[COLLECTED MATERIAL]
------------------------------
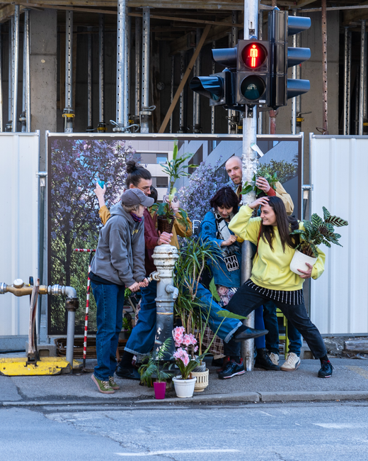 Performers come from all sides of the street and stand still right across the site. while the song "My People's Houses" is played. Throughout the song, performers change their shape while slowly coming closer to the fence of the site and diving into a physical greeting from the location.
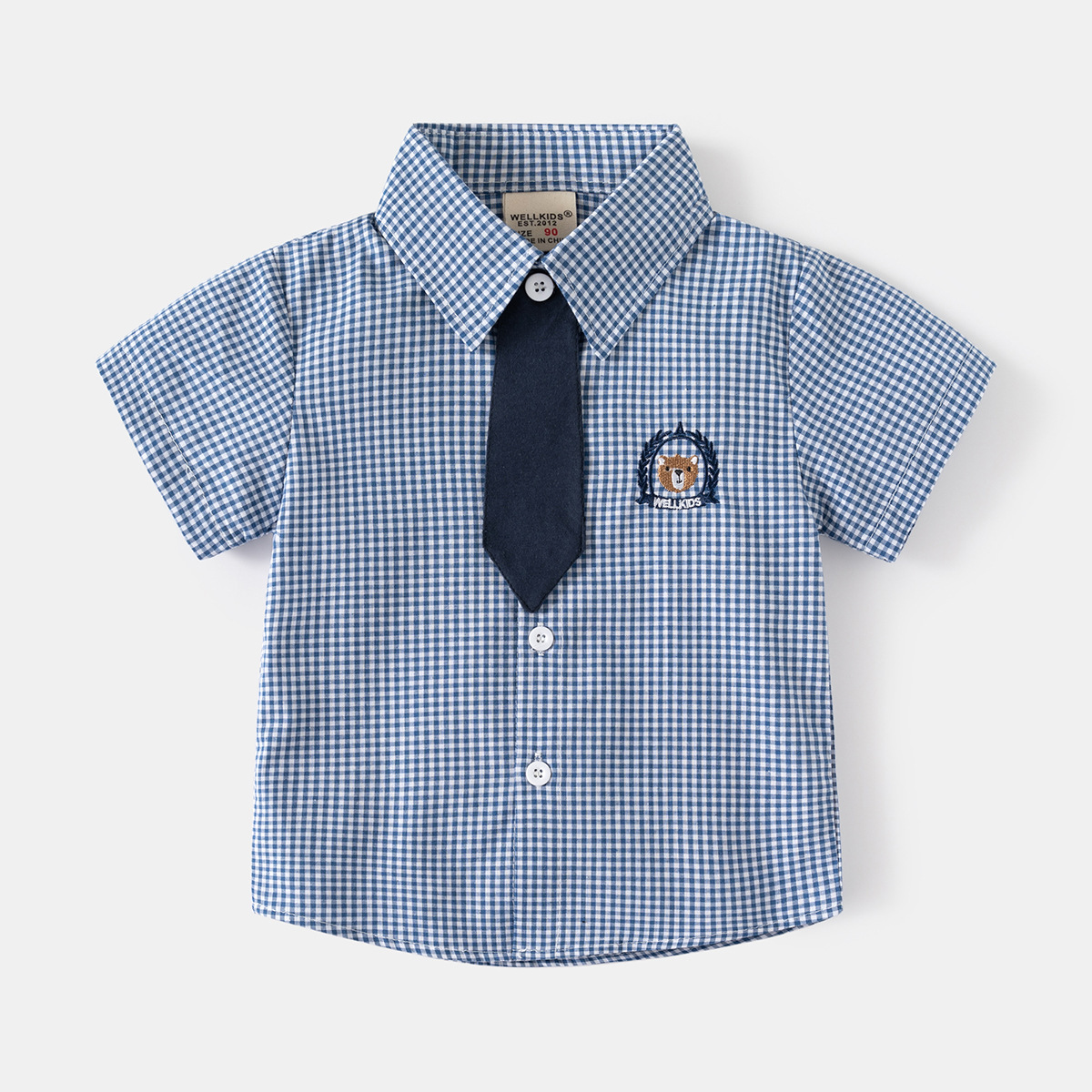 어린이 의류 여름 반팔 셔츠 새 소년 체크 무늬 패션 셔츠 어린이 스퀘어 칼라 탑 카디건
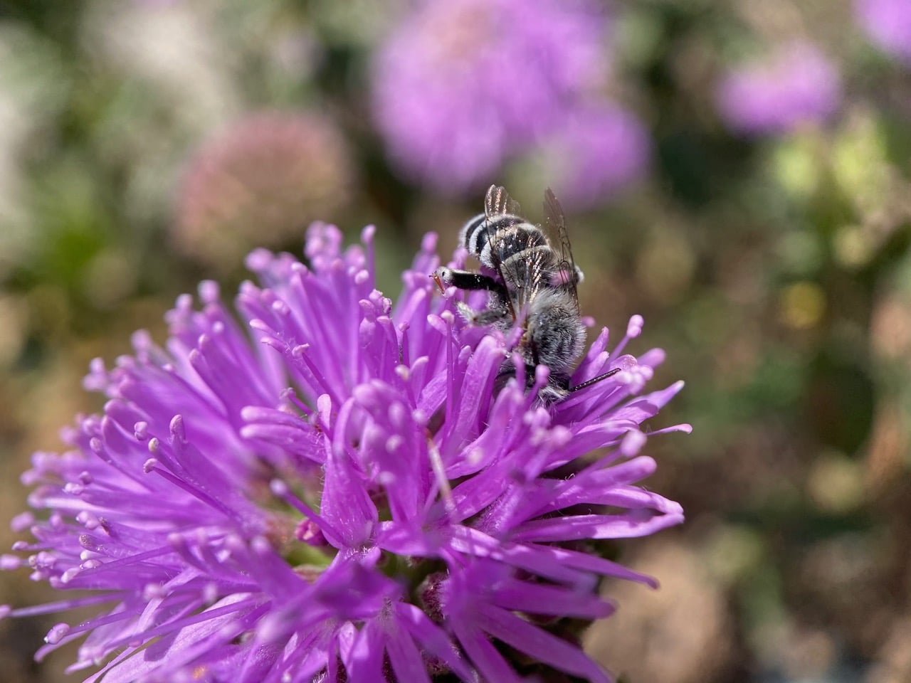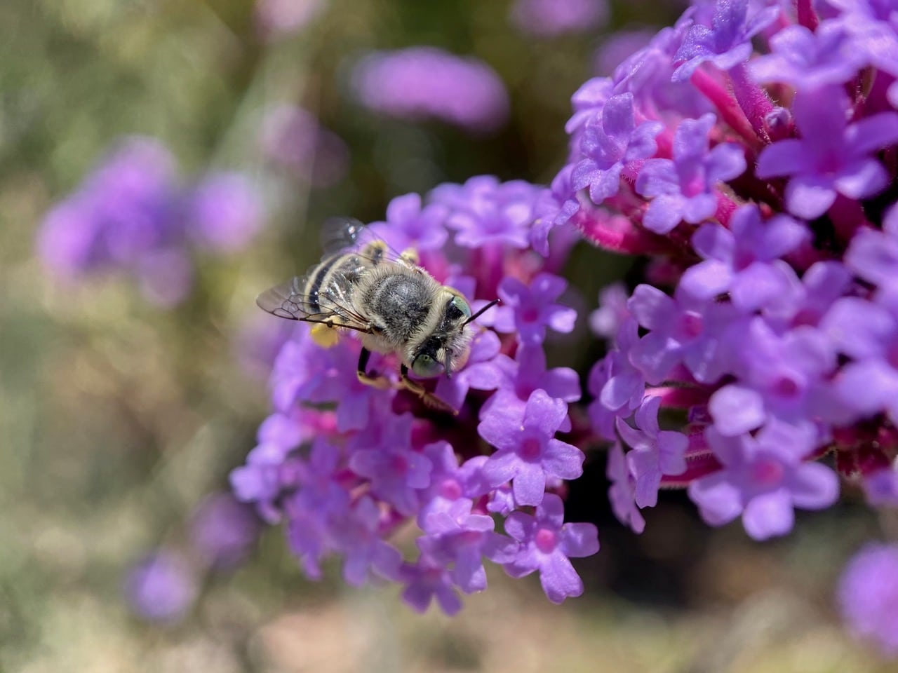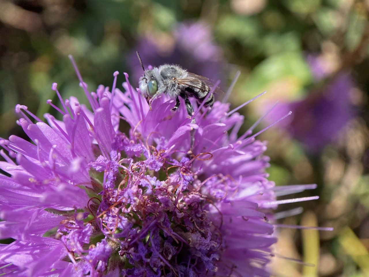 A small stout bee with pale milky blue eyes and black-and-white banded abdomen is foraging on a Coyote Mint flowerhead. A bee specialist on iNaturalist has helped identify the bee as a Short Sun-digger Bee, Anthophora curta (subgenus Micranthophora, family Apidae). The species is native to North America, and prefers dry, desert-like habitats.
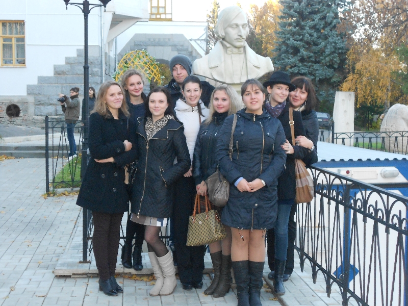 Группа 12ИПР1 (направление подготовки «Русский язык, литература и журналистика») посвятила один из последних солнечных осенних дней прогулке по родному городу. Экскурсию по историческому центру г. Пензы провела куратор группы – ст. преподаватель кафедры «Русский язык и методика преподавания русского языка» Н. С. Куприянова. Студенты узнали старинные названия знакомых улиц, обратили внимание на здания постройки ХVIII –ХIХ вв., вспомнили знаменитых личностей (М. Ю. Лермонтова, В. Г. Белинского, К. А. Савицкого, В. В. Маяковского, В. Э. Мейерхольда и др.), которые так или иначе связаны с Пензой – родились, учились, работали или бывали здесь. Удалось даже разыскать памятник Н. В. Гоголю, известный далеко не всем пензенцам, и увидеть горельефы, посвящённые героям «Ревизора» и «Мёртвых душ».
------------------------------
[TASK INSTRUCTIONS] Beginning at the first line of the listing, print each line exactly until and including the one that has "어린이 의류 여름 반팔"; skip pictures.

[ANSWER BELOW]
 Performers come from all sides of the street and stand still right across the site. while the song "My People's Houses" is played. Throughout the song, performers change their shape while slowly coming closer to the fence of the site and diving into a physical greeting from the location.
 어린이 의류 여름 반팔 셔츠 새 소년 체크 무늬 패션 셔츠 어린이 스퀘어 칼라 탑 카디건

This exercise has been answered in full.